= Beginning of Section =
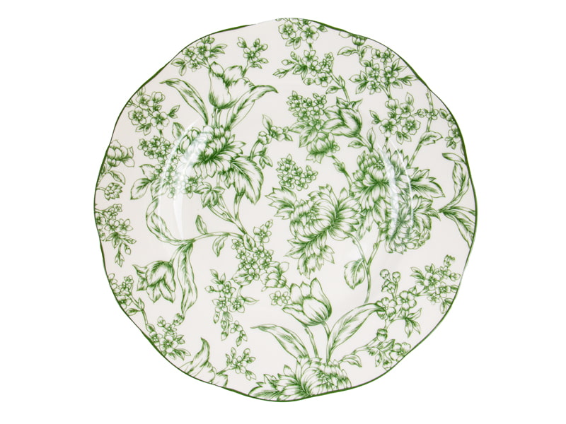 Форма с мягко волнистым краем придаёт изделию изящество и винтажный характер, а зелёная кайма подчёркивает глубину цвета рисунка. Фарфор отличается высокой прочностью, устойчивостью к повседневному использованию и легко переносит мытьё в посудомоечной машине. Это делает тарелку не только красивым, но и практичным выбором.
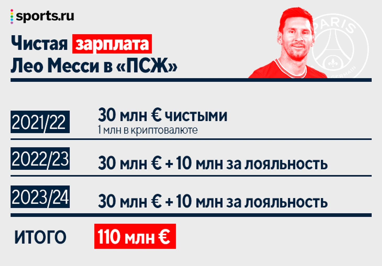 • Фиксированная зарплата Месси в год – 30 млн евро. Неймар получает ту же сумму, Килиан Мбаппе – 12 млн (станет гораздо больше, если переподпишет контракт). За сезон-2021/22 Лео получит один млн евро в криптовалюте.
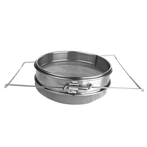 Dieses Honigsieb ist für die Honiggewinnung unerlässlich und besteht aus hochwertigem Edelstahl. Das doppelte Honigsieb ist vielseitig und passt in die meisten Fässer. Es ist vielseitig einsetzbar, da es mit verstellbaren Armen ausgestattet ist, die das Sieb für die meisten verschiedenen Fässer angebracht machen. Es arbeitet äußerst effizient und kann Verunreinigungen in kürzester Zeit aus dem Honig abschütteln. Es ist ein großartiges Werkzeug für Ihr Zuhause.
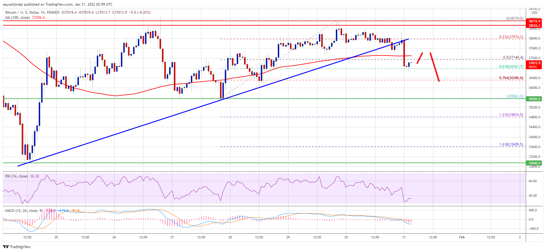 Besides, there was a break below a key bullish trend line with support near $37,650 on the hourly chart of the BTC/USD pair. The pair traded below $37,200 and the 100 hourly simple moving average.
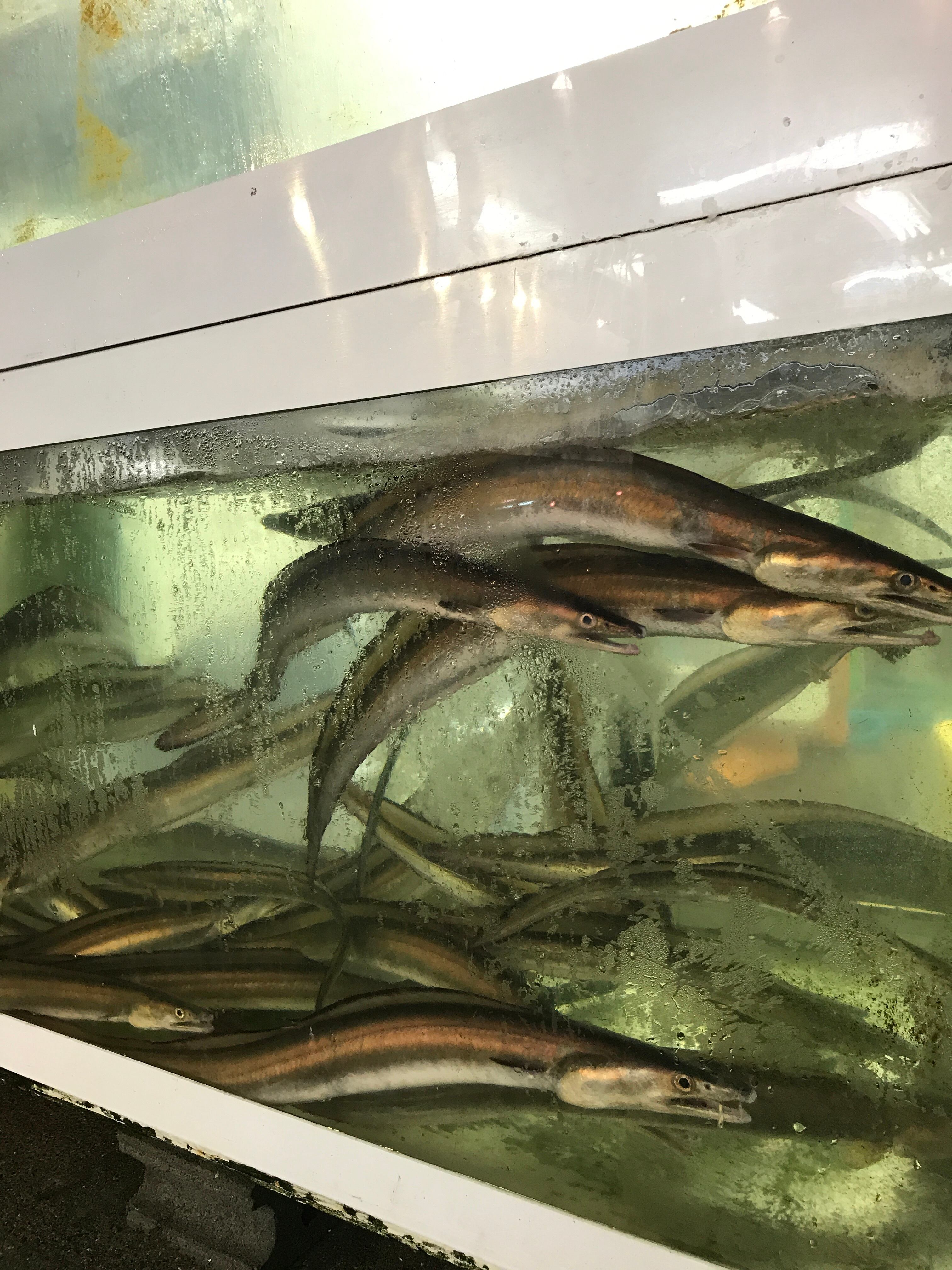 各地の鱧の水揚げ場から活魚水槽車で毎日大阪東部中央卸売市場に入荷する鱧を落札!
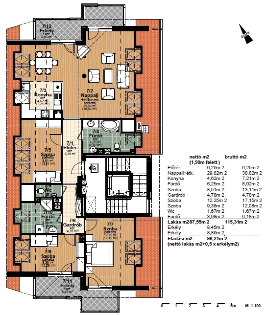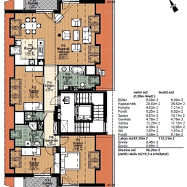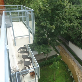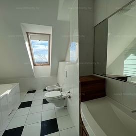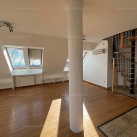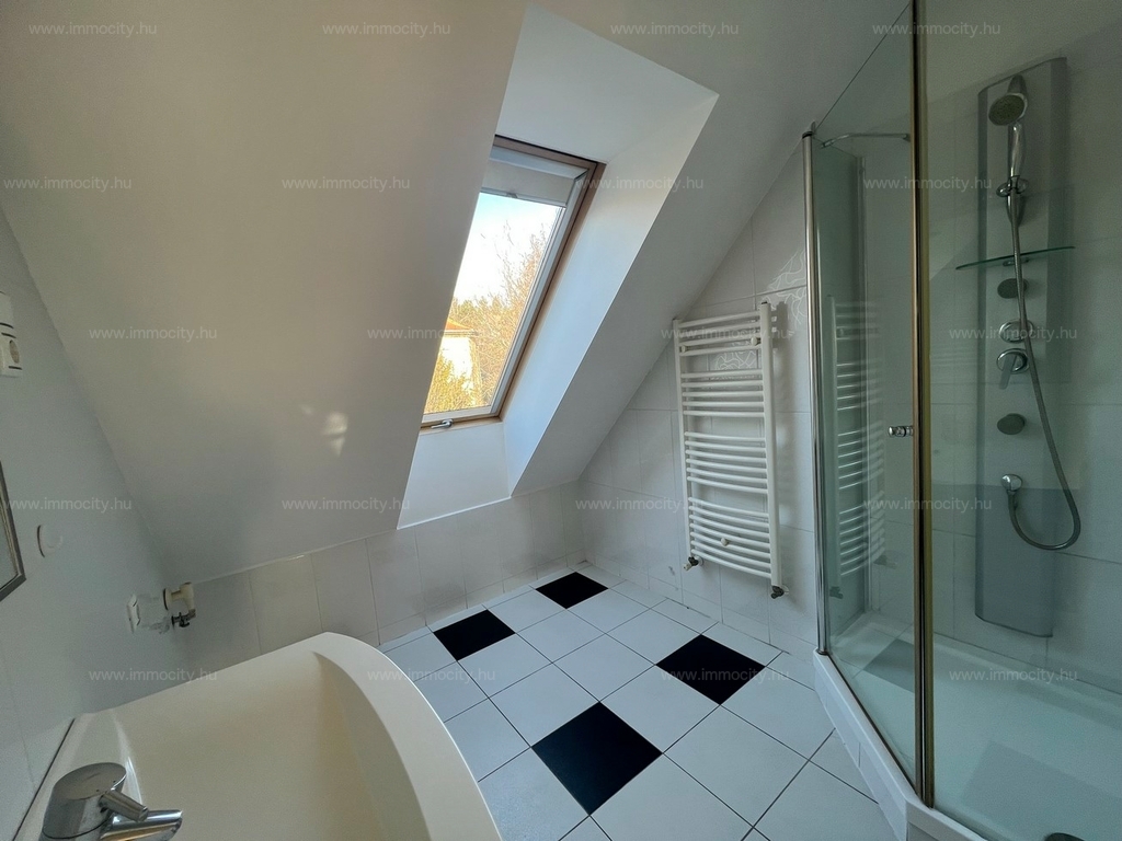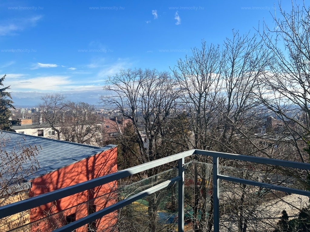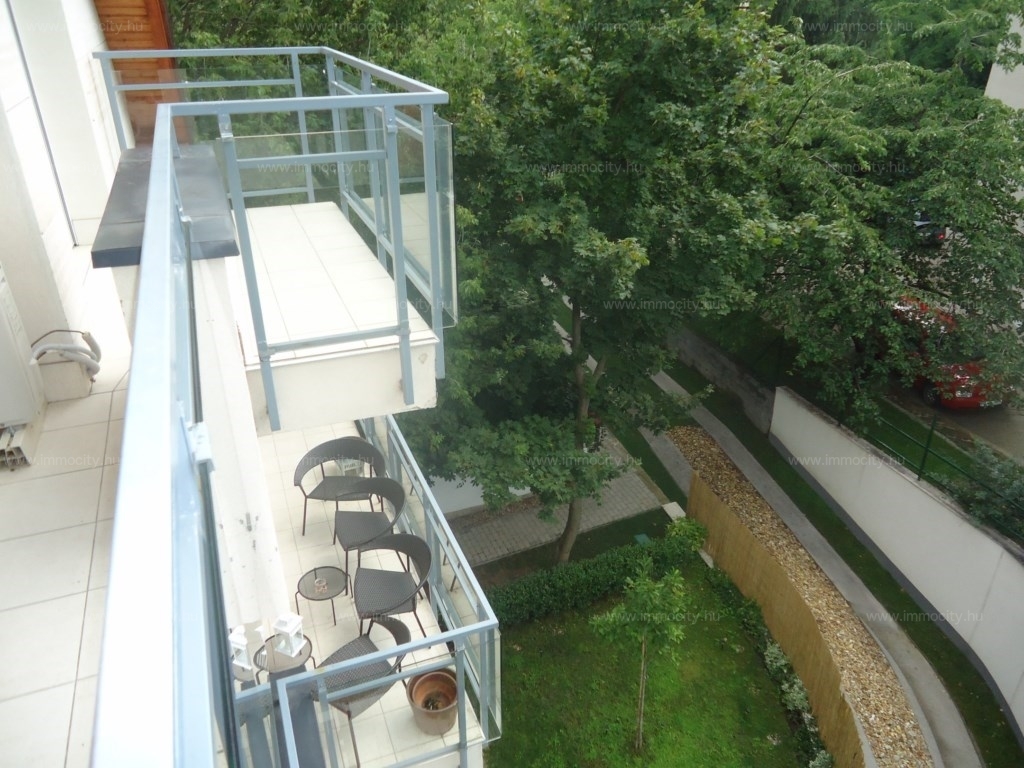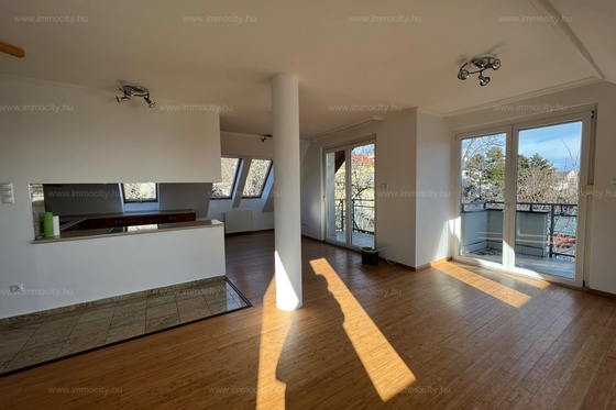 2012-ben épült modern, 7 lakásos, liftes társasház teljes legfelső emeletét elfoglaló lakás 2 terasszal bérelhető. Az eredetileg is szép, tágas lakást a tetőtérben 2 szobával és egy harmadik kis fürdőszobával bővítették ki. (Ez vendégszobának, irodának, gyermek birodalomnak egyaránt ideális). Az egész lakásban remekül hasznosíthatóak az alacsonyabb falsík-területek is. A két erkély 8 és 9 m2-esek. A lakás szép, világos, körbe süti a nap, a két fürdőszoba is ablakos.
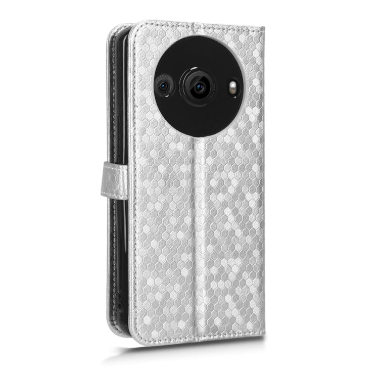 Funda de Cuero para Sharp Aquos R8 Pro con Textura Honeycomb Dot (Plata)
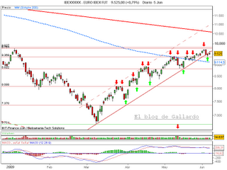 En el gráfico diario del futuro del Ibex se puede observar un movimiento alcista canalizado con máximos y mínimos crecientes; y, también, cómo las zonas de resistencia, una vez superadas, se han ido convirtiendo en zonas de soporte y han cumplido fielmente su función de apoyo. He marcado las zonas principales: 7.370, 8.100, 8.800 y 9.370, si bien también habría que tener en cuenta algunas zonas intermedias como 7.500, 8.300 y 9.170.
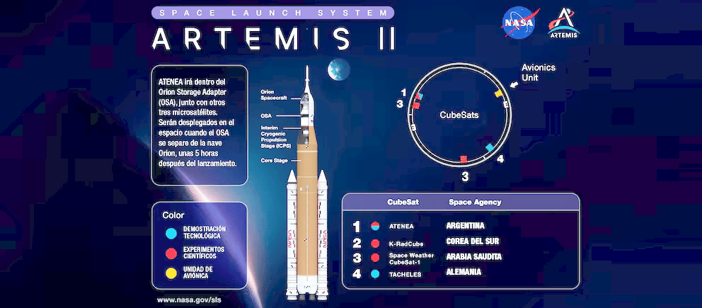 El 1 de abril, la NASA lanzó Artemis II rumbo a la luna. La nave tripulada lleva el satélite argentino Atenea. Elegido entre 31 países, es el único de Latinoamérica.
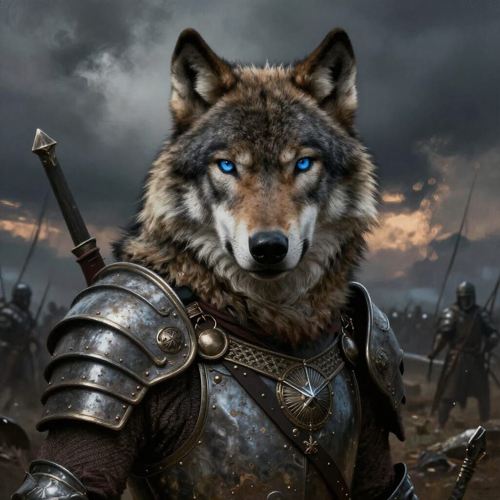 This image depicts a realistic wolf warrior in medieval armor on a dramatic battlefield at dusk. The artwork features rich textures and dynamic lighting in a gritty, painterly style.
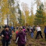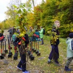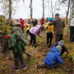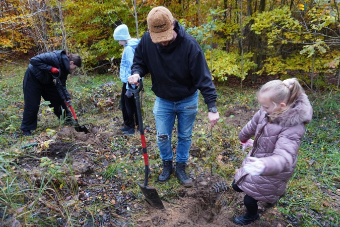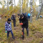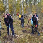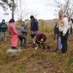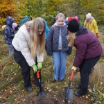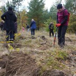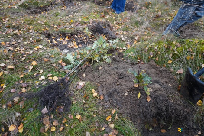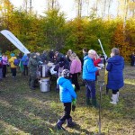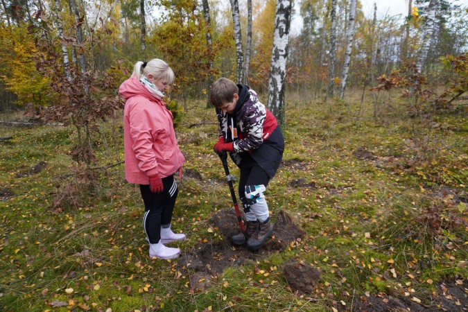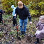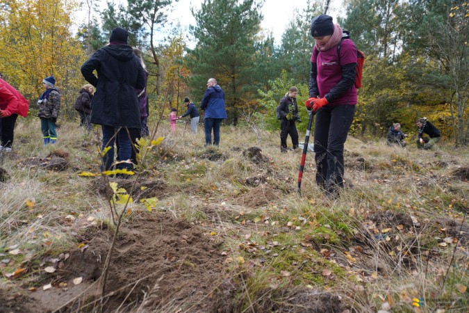 Potem nastąpił instruktaż i praktyczny pokaz sadzenia drzewka przez leśników. Następnie uczestnicy, podzieleni w pary, zabierali przygotowane przez nadleśnictwo szpadle oraz sadzonki i przechodzili do tej części lasu, gdzie wyznaczone już były miejsca do sadzenia. Jak się okazało, samo wykopanie odpowiedniego dołku na korzeń sadzonki nie było łatwe, ale młodszym harcerzom pomagali starsi, a dzieciom – rodzice. Wspierali także pracownicy nadleśnictwa, którzy nie tylko udzielali porad, ale także chwytali za łopaty. Udało się więc posadzić wszystkie przygotowane drzewka. Ci, którzy nie sadzili, mogli w tym czasie zbierać do worków śmieci porzucone w lesie. Uzbierano kilka dużych worków.
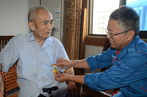 姚副总经理在送上慰问金的同时,还亲手给林老配戴抗战胜利70周年纪念章。
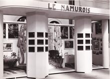 Stand van de provincie Namen op een handelsbeurs in de hall van het oud station op het Ernest Feysplein.
= End of Section =
● What the task asks
Your answer must be an exact copy of the records, free of images.

● Task solution
 Форма с мягко волнистым краем придаёт изделию изящество и винтажный характер, а зелёная кайма подчёркивает глубину цвета рисунка. Фарфор отличается высокой прочностью, устойчивостью к повседневному использованию и легко переносит мытьё в посудомоечной машине. Это делает тарелку не только красивым, но и практичным выбором.
 • Фиксированная зарплата Месси в год – 30 млн евро. Неймар получает ту же сумму, Килиан Мбаппе – 12 млн (станет гораздо больше, если переподпишет контракт). За сезон-2021/22 Лео получит один млн евро в криптовалюте.
 Dieses Honigsieb ist für die Honiggewinnung unerlässlich und besteht aus hochwertigem Edelstahl. Das doppelte Honigsieb ist vielseitig und passt in die meisten Fässer. Es ist vielseitig einsetzbar, da es mit verstellbaren Armen ausgestattet ist, die das Sieb für die meisten verschiedenen Fässer angebracht machen. Es arbeitet äußerst effizient und kann Verunreinigungen in kürzester Zeit aus dem Honig abschütteln. Es ist ein großartiges Werkzeug für Ihr Zuhause.
 Besides, there was a break below a key bullish trend line with support near $37,650 on the hourly chart of the BTC/USD pair. The pair traded below $37,200 and the 100 hourly simple moving average.
 各地の鱧の水揚げ場から活魚水槽車で毎日大阪東部中央卸売市場に入荷する鱧を落札!
 2012-ben épült modern, 7 lakásos, liftes társasház teljes legfelső emeletét elfoglaló lakás 2 terasszal bérelhető. Az eredetileg is szép, tágas lakást a tetőtérben 2 szobával és egy harmadik kis fürdőszobával bővítették ki. (Ez vendégszobának, irodának, gyermek birodalomnak egyaránt ideális). Az egész lakásban remekül hasznosíthatóak az alacsonyabb falsík-területek is. A két erkély 8 és 9 m2-esek. A lakás szép, világos, körbe süti a nap, a két fürdőszoba is ablakos.
 Funda de Cuero para Sharp Aquos R8 Pro con Textura Honeycomb Dot (Plata)
 En el gráfico diario del futuro del Ibex se puede observar un movimiento alcista canalizado con máximos y mínimos crecientes; y, también, cómo las zonas de resistencia, una vez superadas, se han ido convirtiendo en zonas de soporte y han cumplido fielmente su función de apoyo. He marcado las zonas principales: 7.370, 8.100, 8.800 y 9.370, si bien también habría que tener en cuenta algunas zonas intermedias como 7.500, 8.300 y 9.170.
 El 1 de abril, la NASA lanzó Artemis II rumbo a la luna. La nave tripulada lleva el satélite argentino Atenea. Elegido entre 31 países, es el único de Latinoamérica.
 This image depicts a realistic wolf warrior in medieval armor on a dramatic battlefield at dusk. The artwork features rich textures and dynamic lighting in a gritty, painterly style.
 Potem nastąpił instruktaż i praktyczny pokaz sadzenia drzewka przez leśników. Następnie uczestnicy, podzieleni w pary, zabierali przygotowane przez nadleśnictwo szpadle oraz sadzonki i przechodzili do tej części lasu, gdzie wyznaczone już były miejsca do sadzenia. Jak się okazało, samo wykopanie odpowiedniego dołku na korzeń sadzonki nie było łatwe, ale młodszym harcerzom pomagali starsi, a dzieciom – rodzice. Wspierali także pracownicy nadleśnictwa, którzy nie tylko udzielali porad, ale także chwytali za łopaty. Udało się więc posadzić wszystkie przygotowane drzewka. Ci, którzy nie sadzili, mogli w tym czasie zbierać do worków śmieci porzucone w lesie. Uzbierano kilka dużych worków.
 姚副总经理在送上慰问金的同时,还亲手给林老配戴抗战胜利70周年纪念章。
 Stand van de provincie Namen op een handelsbeurs in de hall van het oud station op het Ernest Feysplein.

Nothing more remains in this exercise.